If you want to bring a homemade basket of goodies for each family, do so.
If someone says something, say honestly, “We just can’t afford to give gifts to everyone, but I don’t want the kids to miss out on knowing their cousins.”
If they judge you, then maybe the relationships aren’t worth preserving, But I’m guessing there will be at least some in the group in a similar boat who will feel relieved, and I have to believe that they would all rather have your presence than your presents.
Take care!!
Lara says
So sorry that you felt you had to stop attending. I agree with the idea of the family gift. It would work well, and if you personalize it to each family (one loves chocolate, and another has this thing about cinnamon) You could have fun all year looking for recipe ideas…. It doesn’t have to be all food either… is there something that you or your family can do better than others?? My hubby is really good at cars, so he can ‘gift’ an oil change, or x hours working on a car….
Don’t miss out on the family time.
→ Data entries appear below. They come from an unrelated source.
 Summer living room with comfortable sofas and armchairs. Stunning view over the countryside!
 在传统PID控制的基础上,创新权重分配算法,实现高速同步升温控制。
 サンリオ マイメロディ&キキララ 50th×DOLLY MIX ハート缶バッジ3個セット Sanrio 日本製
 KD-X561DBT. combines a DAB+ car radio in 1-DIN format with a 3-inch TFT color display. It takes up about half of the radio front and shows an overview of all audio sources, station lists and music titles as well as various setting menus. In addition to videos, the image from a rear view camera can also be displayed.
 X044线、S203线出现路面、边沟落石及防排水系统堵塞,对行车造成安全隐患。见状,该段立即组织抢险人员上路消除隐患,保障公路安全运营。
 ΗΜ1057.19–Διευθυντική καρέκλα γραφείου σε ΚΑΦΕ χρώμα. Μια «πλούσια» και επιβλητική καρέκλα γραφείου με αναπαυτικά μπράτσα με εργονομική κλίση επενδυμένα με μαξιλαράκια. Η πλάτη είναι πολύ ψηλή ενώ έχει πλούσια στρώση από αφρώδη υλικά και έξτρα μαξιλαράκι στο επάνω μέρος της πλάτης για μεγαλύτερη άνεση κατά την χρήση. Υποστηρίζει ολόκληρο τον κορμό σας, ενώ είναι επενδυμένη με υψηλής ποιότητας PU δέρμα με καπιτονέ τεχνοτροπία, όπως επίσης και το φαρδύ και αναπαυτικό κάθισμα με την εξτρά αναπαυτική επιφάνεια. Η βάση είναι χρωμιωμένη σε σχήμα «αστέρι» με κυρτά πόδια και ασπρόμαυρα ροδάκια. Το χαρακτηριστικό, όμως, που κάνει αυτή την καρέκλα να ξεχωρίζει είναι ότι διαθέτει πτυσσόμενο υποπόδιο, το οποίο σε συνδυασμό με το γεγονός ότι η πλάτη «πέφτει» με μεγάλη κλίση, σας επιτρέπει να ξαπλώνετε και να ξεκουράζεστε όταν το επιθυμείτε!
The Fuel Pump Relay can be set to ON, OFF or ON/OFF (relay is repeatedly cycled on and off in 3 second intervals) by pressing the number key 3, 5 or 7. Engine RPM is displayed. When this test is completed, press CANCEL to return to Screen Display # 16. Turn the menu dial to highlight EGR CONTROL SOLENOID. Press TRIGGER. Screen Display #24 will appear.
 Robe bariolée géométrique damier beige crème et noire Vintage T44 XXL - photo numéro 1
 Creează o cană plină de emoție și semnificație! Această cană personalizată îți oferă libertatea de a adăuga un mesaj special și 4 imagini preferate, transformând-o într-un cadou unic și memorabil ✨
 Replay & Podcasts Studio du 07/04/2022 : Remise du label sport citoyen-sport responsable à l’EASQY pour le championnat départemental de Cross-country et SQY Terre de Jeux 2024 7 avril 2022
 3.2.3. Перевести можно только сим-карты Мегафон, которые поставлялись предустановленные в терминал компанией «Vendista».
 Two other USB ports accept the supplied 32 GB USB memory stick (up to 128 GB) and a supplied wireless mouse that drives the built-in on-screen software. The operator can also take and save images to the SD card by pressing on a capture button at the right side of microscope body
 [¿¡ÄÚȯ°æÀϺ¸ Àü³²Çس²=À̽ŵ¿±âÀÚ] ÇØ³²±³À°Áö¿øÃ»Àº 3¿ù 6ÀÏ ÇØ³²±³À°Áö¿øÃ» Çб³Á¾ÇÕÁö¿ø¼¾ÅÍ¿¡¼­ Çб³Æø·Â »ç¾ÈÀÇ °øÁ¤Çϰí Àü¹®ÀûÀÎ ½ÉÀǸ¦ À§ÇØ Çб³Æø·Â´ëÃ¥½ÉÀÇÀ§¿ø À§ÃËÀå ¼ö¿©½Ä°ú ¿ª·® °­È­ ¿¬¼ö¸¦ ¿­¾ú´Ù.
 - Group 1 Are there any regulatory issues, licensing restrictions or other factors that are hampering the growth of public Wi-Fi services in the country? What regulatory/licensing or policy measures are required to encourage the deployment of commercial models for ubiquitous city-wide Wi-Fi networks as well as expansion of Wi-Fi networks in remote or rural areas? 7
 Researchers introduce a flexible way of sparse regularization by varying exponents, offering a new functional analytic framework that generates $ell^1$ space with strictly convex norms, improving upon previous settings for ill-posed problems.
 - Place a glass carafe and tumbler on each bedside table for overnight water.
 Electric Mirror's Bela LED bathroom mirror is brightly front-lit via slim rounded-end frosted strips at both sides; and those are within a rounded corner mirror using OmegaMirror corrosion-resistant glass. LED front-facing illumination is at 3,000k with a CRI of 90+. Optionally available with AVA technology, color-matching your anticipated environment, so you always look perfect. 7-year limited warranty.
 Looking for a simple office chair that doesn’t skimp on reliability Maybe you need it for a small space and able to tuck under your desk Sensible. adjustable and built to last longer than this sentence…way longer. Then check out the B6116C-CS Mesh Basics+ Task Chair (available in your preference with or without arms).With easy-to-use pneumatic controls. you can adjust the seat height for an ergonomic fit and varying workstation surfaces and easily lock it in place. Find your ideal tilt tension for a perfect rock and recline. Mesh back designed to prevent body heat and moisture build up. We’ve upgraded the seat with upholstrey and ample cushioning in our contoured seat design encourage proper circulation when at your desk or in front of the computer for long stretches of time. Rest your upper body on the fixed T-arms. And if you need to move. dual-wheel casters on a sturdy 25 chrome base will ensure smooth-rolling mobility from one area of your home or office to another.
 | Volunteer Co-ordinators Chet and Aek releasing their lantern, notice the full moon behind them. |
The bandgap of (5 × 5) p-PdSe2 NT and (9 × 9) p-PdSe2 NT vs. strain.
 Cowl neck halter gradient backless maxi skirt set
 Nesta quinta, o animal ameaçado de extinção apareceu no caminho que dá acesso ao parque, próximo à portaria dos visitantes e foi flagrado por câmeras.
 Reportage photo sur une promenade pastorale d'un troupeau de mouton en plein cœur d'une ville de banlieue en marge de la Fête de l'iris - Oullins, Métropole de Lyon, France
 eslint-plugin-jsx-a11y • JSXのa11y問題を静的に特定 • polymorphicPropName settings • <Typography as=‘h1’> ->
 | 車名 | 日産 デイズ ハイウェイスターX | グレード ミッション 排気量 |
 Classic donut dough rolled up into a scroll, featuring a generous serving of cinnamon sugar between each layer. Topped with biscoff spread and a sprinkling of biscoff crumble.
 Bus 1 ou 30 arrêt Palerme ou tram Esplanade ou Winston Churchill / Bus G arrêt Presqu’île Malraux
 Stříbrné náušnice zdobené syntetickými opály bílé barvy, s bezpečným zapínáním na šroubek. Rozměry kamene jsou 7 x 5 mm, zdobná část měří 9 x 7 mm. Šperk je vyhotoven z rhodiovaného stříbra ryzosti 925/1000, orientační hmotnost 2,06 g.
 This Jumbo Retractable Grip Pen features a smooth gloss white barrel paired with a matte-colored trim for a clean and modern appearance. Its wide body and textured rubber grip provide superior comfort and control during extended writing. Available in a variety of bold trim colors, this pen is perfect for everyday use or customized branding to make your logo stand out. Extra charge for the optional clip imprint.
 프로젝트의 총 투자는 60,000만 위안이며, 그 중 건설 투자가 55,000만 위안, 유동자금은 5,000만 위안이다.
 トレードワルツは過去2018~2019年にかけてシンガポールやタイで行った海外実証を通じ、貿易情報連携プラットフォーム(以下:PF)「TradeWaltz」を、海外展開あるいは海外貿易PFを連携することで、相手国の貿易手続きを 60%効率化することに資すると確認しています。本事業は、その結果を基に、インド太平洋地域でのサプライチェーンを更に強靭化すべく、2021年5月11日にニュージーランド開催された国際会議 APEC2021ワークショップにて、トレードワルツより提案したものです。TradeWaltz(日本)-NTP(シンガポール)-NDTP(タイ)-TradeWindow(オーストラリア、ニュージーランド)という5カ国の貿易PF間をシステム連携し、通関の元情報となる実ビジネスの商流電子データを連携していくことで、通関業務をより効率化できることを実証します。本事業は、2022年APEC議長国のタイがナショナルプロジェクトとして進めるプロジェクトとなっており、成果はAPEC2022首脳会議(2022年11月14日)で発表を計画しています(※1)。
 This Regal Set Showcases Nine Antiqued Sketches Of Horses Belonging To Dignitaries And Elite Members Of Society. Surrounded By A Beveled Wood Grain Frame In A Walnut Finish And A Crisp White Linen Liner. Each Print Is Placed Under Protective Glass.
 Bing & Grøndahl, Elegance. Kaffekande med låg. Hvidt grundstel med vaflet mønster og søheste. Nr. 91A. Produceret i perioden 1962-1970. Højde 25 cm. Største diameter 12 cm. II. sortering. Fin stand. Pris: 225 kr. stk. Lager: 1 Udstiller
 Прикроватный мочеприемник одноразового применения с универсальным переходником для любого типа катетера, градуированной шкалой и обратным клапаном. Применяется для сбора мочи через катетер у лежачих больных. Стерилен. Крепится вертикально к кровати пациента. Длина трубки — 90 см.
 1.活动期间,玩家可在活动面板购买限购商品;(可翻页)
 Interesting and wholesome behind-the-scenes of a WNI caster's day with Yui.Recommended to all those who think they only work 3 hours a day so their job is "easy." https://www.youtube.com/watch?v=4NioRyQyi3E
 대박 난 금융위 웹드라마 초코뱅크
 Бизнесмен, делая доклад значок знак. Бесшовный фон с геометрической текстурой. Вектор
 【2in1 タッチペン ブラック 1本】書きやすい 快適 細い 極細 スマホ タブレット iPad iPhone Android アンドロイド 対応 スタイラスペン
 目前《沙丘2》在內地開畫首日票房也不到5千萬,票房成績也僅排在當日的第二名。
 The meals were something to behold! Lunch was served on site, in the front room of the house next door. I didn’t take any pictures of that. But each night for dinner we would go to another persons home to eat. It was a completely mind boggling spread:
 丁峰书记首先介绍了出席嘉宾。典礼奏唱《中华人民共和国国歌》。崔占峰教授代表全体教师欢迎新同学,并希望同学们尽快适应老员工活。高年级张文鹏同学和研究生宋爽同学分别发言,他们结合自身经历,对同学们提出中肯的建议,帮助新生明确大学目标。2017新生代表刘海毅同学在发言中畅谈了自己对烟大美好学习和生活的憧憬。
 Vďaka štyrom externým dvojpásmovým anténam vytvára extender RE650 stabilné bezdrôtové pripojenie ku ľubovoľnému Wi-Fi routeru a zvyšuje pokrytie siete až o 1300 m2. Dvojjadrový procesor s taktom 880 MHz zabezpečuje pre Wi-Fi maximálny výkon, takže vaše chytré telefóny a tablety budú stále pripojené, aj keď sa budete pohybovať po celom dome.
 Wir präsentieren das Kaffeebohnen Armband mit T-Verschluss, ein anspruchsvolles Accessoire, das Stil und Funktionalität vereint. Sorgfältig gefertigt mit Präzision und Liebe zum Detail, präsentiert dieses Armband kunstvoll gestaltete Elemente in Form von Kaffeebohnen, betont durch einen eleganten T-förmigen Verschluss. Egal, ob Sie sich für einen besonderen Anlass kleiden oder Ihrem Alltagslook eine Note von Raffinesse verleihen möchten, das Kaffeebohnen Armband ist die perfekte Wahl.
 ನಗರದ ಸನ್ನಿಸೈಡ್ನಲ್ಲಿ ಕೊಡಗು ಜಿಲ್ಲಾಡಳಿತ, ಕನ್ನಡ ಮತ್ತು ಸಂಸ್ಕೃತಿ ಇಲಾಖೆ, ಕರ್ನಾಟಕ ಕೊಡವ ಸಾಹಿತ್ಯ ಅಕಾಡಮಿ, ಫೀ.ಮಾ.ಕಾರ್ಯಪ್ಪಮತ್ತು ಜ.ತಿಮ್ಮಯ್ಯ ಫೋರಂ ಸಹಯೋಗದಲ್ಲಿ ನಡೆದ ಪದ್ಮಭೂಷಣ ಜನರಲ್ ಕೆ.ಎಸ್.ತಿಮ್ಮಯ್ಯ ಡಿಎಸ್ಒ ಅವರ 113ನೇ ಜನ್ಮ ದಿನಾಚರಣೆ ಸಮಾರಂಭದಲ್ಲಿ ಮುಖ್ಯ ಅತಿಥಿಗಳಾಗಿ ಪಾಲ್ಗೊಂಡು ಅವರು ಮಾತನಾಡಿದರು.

I come from a small family, and I am not close to my one and only cousin. My second cousins are a bit closer, but other than email, we don’t have too much contact any longer. DH is from a larger family, but he isn’t close to anyone there. As a result, our kids miss out on cousins… cause we just don’t see his family. Even without gifts, if you have to, attend.
Heather says
You can go, but send out the message ahead of time that you won’t be buying gifts for everyone, but will be bringing food to share, and that you don’t want others to give you gifts either. All expressed graciously, of course.
And don’t feel that you have to explain your reasons either. Sometimes too much explanation opens the door for others to argue you down.